• _Records for processing_:
^^^^^^^^

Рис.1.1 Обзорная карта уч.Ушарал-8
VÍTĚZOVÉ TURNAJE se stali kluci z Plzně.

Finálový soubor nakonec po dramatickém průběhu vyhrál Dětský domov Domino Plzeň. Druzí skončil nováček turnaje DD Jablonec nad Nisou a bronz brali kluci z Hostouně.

^^^^^^^^

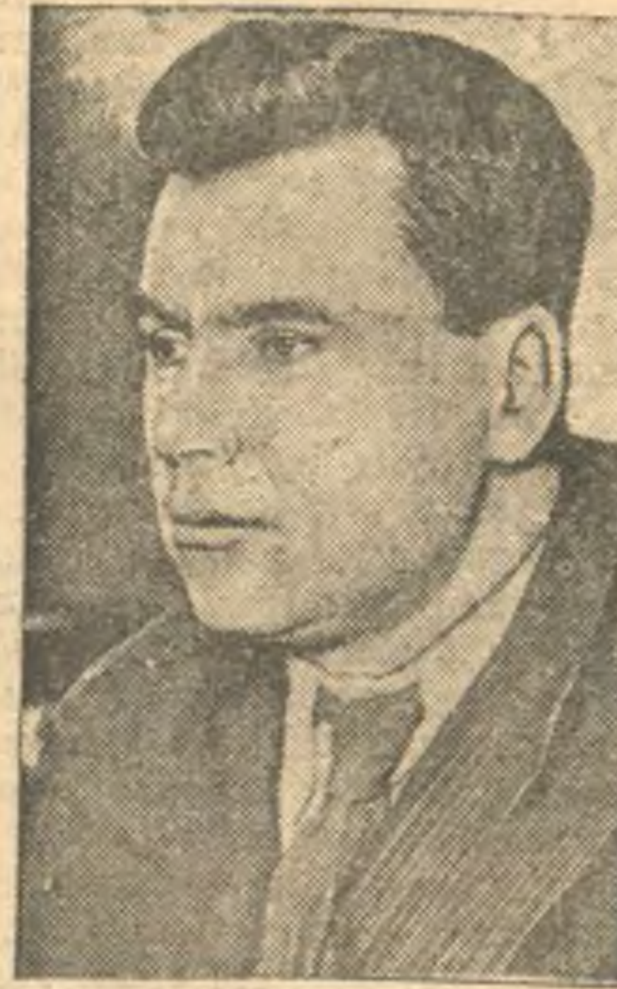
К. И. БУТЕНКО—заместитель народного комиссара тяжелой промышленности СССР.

^^^^^^^^

• _Goal of the exercise_: Every line in the records above that contains the word "kluci" should be copied out.

• _Task output_:
VÍTĚZOVÉ TURNAJE se stali kluci z Plzně.
Finálový soubor nakonec po dramatickém průběhu vyhrál Dětský domov Domino Plzeň. Druzí skončil nováček turnaje DD Jablonec nad Nisou a bronz brali kluci z Hostouně.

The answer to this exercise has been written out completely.